All Rotting Meat
Page 29
‘We can talk about this later,’ Clarence said, tugging her forward.
‘That’s a yes, then,’ she said.
‘We can talk about it when you’re out of immediate danger,’ Clarence said. ‘Now, come on, Khalida.’
Khalida pulled away from him. They stared at each other for a moment. Khalida shifted her weight from one leg to the other. Even if it was possible to outrun Clarence, she knew that she couldn’t get far; a dull heavy ache, sharp at her hands and lungs, echoed through her body. She needed to know that Cain was okay.
Clarence’s body stiffened, his eyes alert and searching for something.

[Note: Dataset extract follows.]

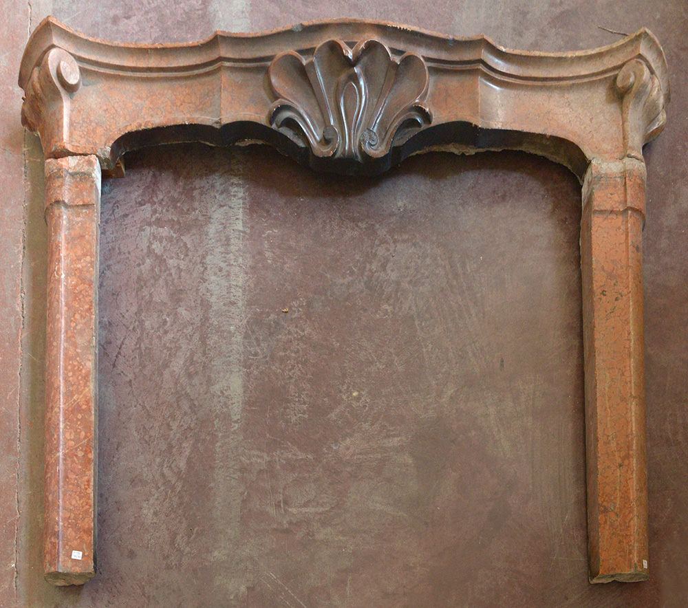 Antico camino in marmo rosso con architrave sagomata scolpita a volute e motivo a conchiglia al centro (cm 168x120) (difetti)

‘We need to go,’ he said, ‘right now.’
‘Clarence?’ she asked, as he turned back towards her and picked her up, easily carrying her in his arms. ‘Hey!’
She tried to push against his chest, crying out as her damaged shoulder and neck muscles strained against him, but his gentle hold on her was like iron.
‘We don’t have time for this,’ he said, ‘and you cannot run. Just swallow your feminist pride for a moment, and let me save you.’
She heard the roar of a car engine tear through the quiet air.
‘Fuck you, Clarence.’
Clarence gave a grim smile and steadied his hold on her before breaking into a run. She had only just enough time to realise that he was heading for the wall of the car park and, hating herself, she instinctively flung her arms around him as he leapt. Her handbag dropped to the floor, as a sharp jab of pain raced through her broken fingers and her grip loosened. Air whistled around her as he landed on the road with a jolt, and set off at a run. Her heart hammered as the streets flew by them.
Clarence came to a halt in front of a familiar, black Bentley, which she used to tease him about, and placed her lightly on the ground, offering his arm, which she was forced to hold as her legs buckled. She glared up at him, trying to infuse as much defiance and fury as she could muster into her stare, but he only smiled.
‘Best not to dawdle,’ he said, opening the door for her. ‘They are right behind us.’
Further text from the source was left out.